RECORD SET:
==========
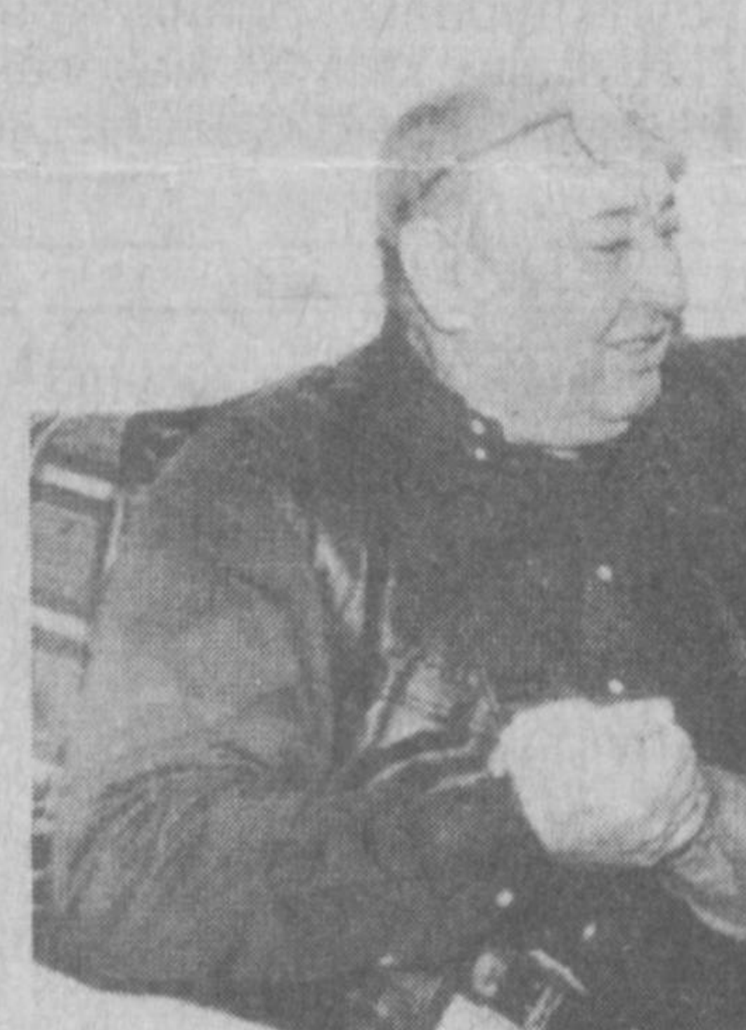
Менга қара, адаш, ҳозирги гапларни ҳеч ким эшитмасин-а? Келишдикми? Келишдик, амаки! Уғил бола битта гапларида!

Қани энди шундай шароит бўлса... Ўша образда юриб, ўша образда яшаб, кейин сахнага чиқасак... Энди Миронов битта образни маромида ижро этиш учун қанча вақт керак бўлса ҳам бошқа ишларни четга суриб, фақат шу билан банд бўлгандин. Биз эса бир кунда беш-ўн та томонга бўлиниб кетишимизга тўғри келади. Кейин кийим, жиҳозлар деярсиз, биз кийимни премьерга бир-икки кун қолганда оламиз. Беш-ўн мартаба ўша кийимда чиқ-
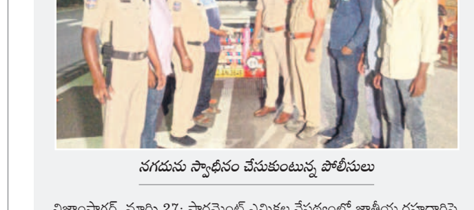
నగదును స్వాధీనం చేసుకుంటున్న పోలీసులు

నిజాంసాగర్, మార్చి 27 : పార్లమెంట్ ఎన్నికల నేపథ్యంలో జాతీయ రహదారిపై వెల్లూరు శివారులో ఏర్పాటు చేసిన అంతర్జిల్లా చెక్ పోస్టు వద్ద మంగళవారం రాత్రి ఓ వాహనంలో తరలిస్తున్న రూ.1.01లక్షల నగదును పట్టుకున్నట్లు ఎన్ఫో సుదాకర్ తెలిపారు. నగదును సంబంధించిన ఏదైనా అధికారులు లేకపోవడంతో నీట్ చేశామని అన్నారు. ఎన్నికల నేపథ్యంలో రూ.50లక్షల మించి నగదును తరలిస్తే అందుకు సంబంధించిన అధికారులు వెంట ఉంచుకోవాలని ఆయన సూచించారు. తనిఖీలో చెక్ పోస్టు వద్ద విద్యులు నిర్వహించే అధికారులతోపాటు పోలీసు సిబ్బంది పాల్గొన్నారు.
==========
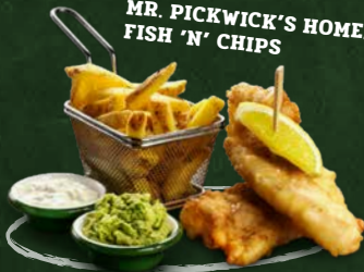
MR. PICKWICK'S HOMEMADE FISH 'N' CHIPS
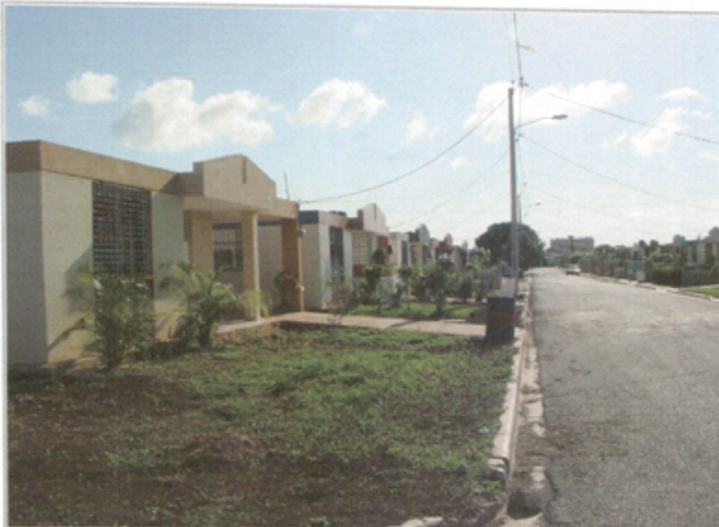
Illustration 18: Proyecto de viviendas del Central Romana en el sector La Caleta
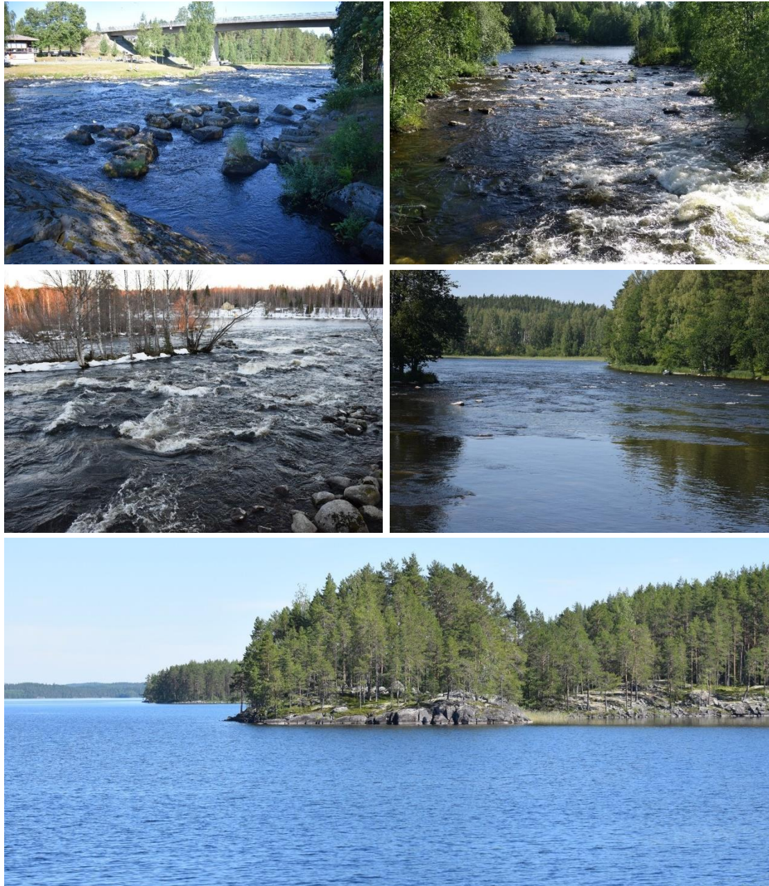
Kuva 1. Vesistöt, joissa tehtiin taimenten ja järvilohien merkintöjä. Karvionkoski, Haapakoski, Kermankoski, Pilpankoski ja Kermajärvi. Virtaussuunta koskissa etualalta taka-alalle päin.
==========
Go through the records and report each line that contains "битта".

SOLUTION TO THIS PROBLEM:
Менга қара, адаш, ҳозирги гапларни ҳеч ким эшитмасин-а? Келишдикми? Келишдик, амаки! Уғил бола битта гапларида!
Қани энди шундай шароит бўлса... Ўша образда юриб, ўша образда яшаб, кейин сахнага чиқасак... Энди Миронов битта образни маромида ижро этиш учун қанча вақт керак бўлса ҳам бошқа ишларни четга суриб, фақат шу билан банд бўлгандин. Биз эса бир кунда беш-ўн та томонга бўлиниб кетишимизга тўғри келади. Кейин кийим, жиҳозлар деярсиз, биз кийимни премьерга бир-икки кун қолганда оламиз. Беш-ўн мартаба ўша кийимда чиқ-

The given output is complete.